▶ **RECORDS TO USE**:
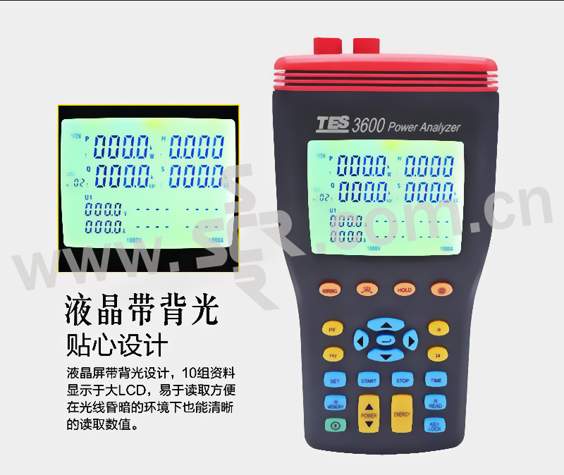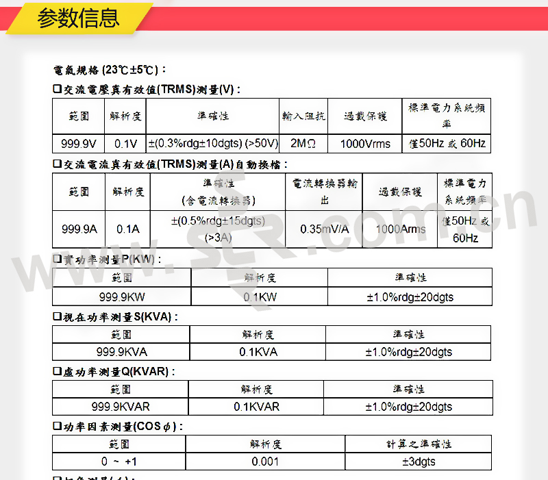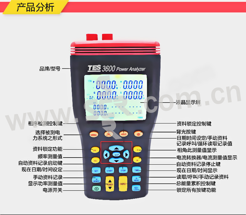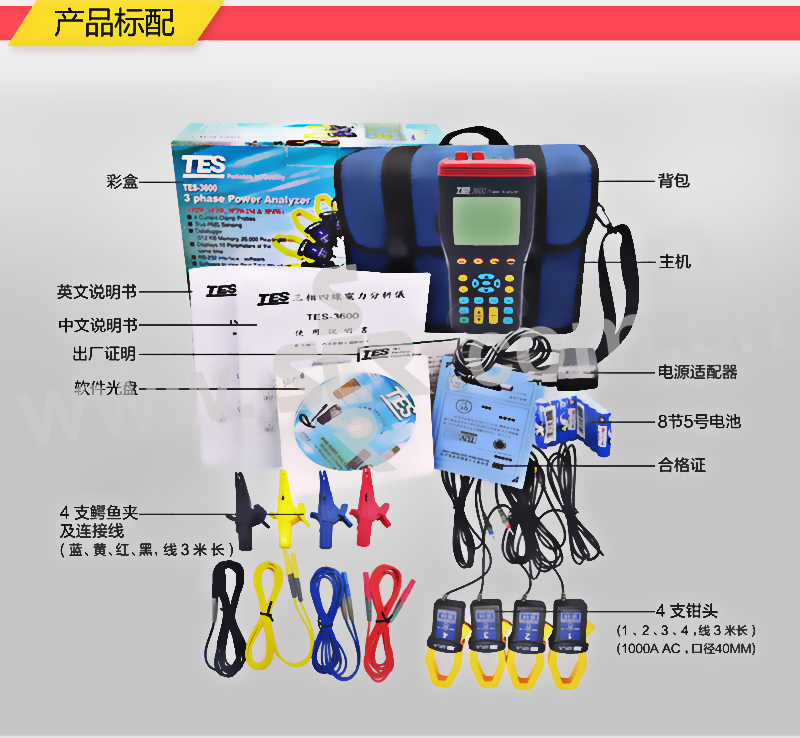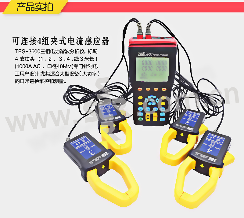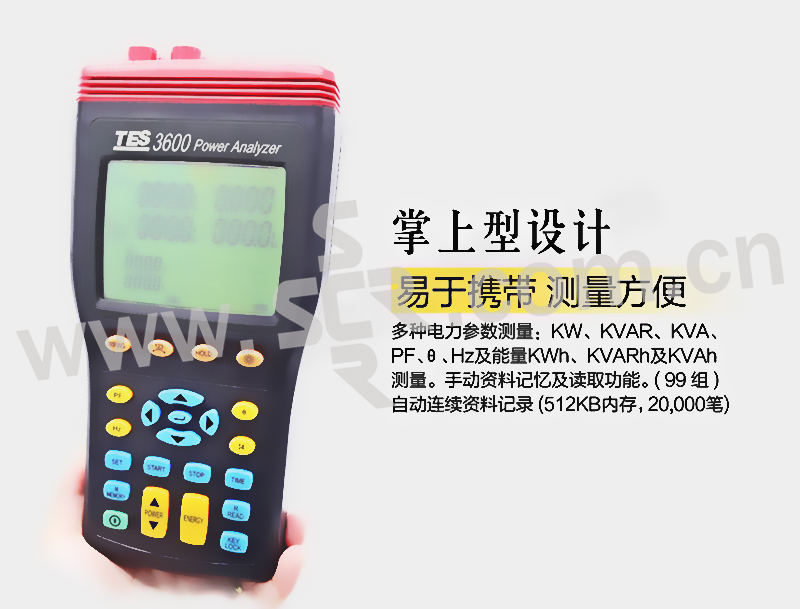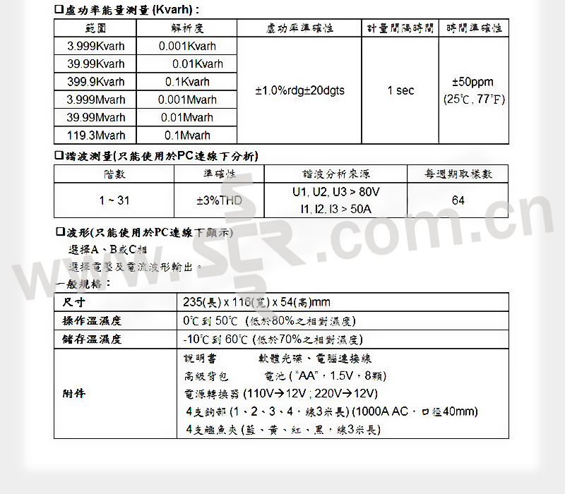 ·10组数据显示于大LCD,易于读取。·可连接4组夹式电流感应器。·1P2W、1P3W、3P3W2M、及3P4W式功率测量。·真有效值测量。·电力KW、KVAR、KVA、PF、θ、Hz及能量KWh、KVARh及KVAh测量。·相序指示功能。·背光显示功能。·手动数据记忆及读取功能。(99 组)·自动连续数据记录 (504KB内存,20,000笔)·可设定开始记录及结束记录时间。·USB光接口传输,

==

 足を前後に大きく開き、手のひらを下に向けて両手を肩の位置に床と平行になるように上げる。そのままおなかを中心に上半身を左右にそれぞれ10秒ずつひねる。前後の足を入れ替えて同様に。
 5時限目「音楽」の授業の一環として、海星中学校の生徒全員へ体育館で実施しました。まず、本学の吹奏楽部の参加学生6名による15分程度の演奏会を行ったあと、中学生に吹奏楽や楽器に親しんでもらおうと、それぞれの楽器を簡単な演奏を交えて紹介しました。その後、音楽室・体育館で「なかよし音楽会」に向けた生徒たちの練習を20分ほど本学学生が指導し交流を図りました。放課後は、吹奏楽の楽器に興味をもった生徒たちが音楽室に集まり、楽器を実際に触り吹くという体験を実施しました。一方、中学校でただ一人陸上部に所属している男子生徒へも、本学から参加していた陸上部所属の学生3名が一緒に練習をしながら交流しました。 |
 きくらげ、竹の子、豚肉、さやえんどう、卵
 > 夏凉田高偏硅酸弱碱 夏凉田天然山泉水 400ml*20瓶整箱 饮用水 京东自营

...

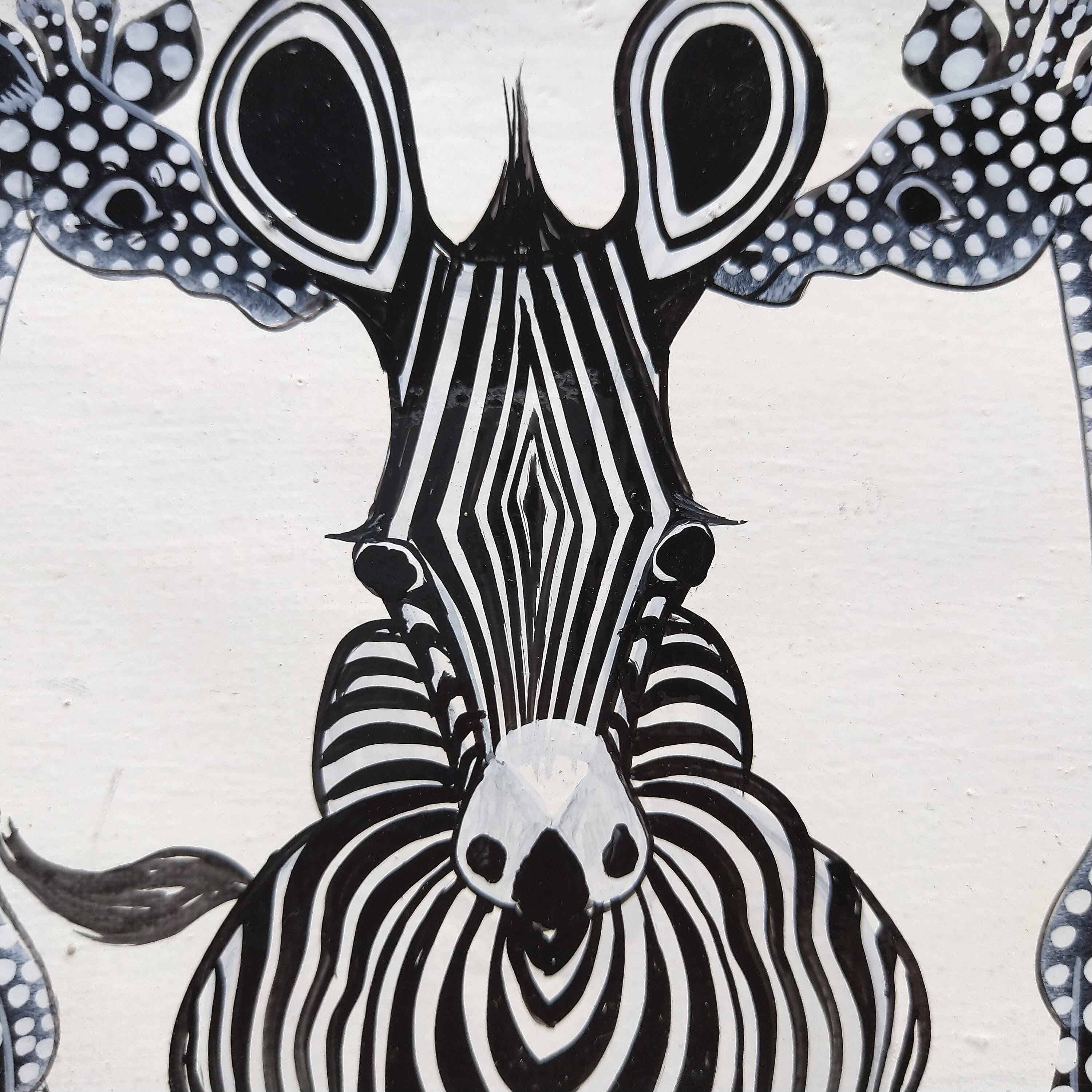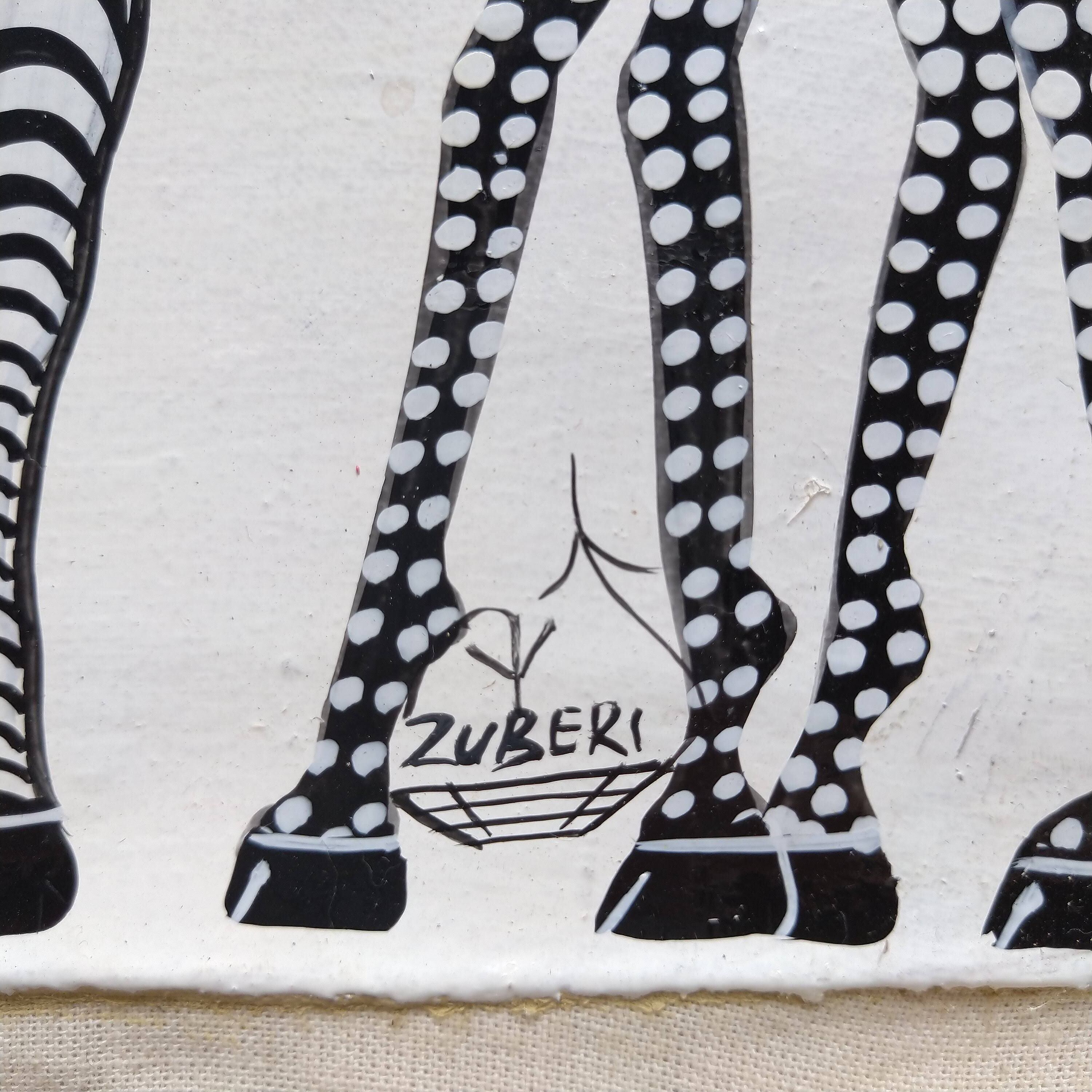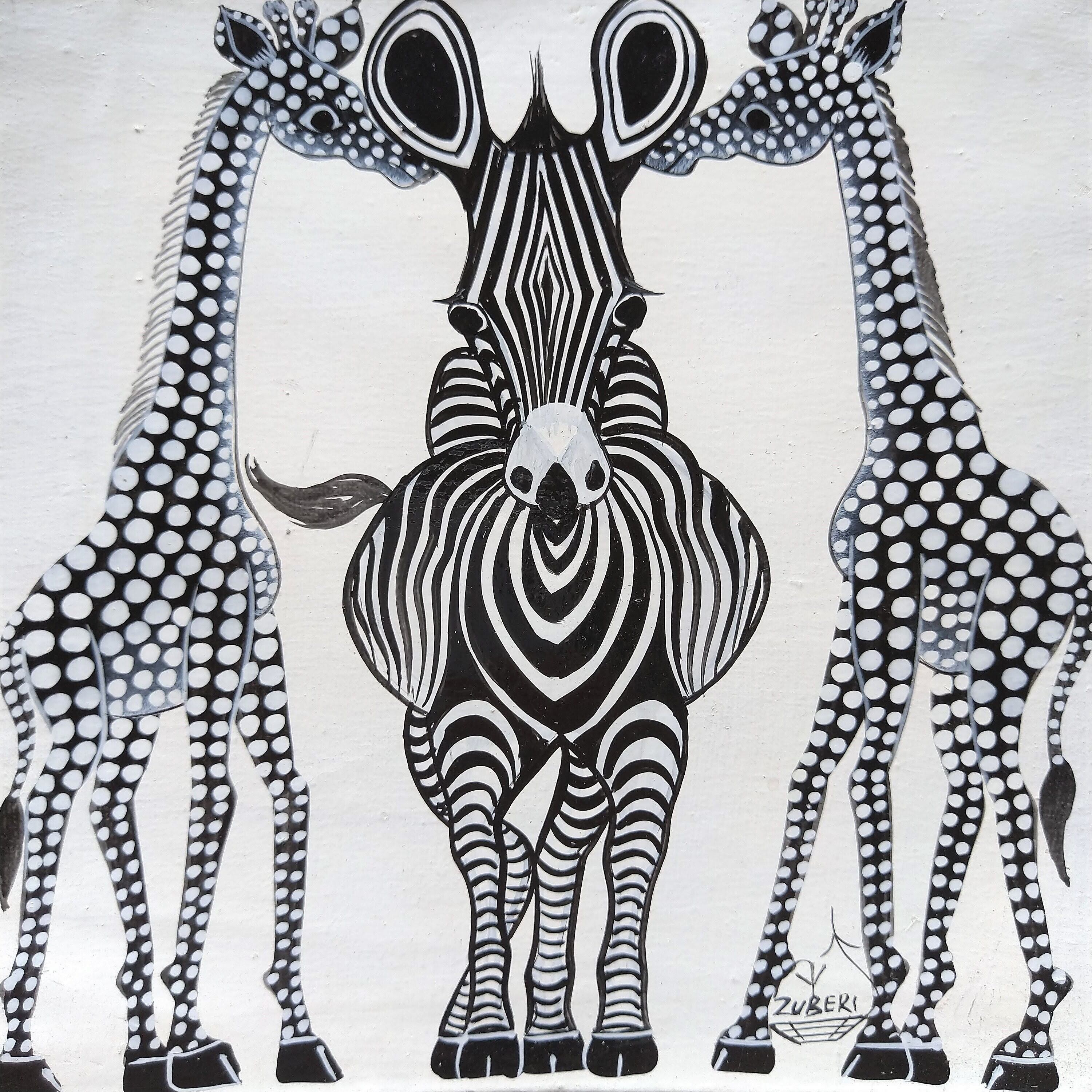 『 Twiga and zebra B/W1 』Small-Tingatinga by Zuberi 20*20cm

▶ **WORK INSTRUCTIONS**: Would you print exactly and only the lines of the material above that run from the line with "足を前後に大きく開き、手のひ" through the line with "400ml*20瓶整箱 饮用水 京东自营", both included?

▶ **SOLUTION FOR THIS TASK**:
 足を前後に大きく開き、手のひらを下に向けて両手を肩の位置に床と平行になるように上げる。そのままおなかを中心に上半身を左右にそれぞれ10秒ずつひねる。前後の足を入れ替えて同様に。
 5時限目「音楽」の授業の一環として、海星中学校の生徒全員へ体育館で実施しました。まず、本学の吹奏楽部の参加学生6名による15分程度の演奏会を行ったあと、中学生に吹奏楽や楽器に親しんでもらおうと、それぞれの楽器を簡単な演奏を交えて紹介しました。その後、音楽室・体育館で「なかよし音楽会」に向けた生徒たちの練習を20分ほど本学学生が指導し交流を図りました。放課後は、吹奏楽の楽器に興味をもった生徒たちが音楽室に集まり、楽器を実際に触り吹くという体験を実施しました。一方、中学校でただ一人陸上部に所属している男子生徒へも、本学から参加していた陸上部所属の学生3名が一緒に練習をしながら交流しました。 |
 きくらげ、竹の子、豚肉、さやえんどう、卵
 > 夏凉田高偏硅酸弱碱 夏凉田天然山泉水 400ml*20瓶整箱 饮用水 京东自营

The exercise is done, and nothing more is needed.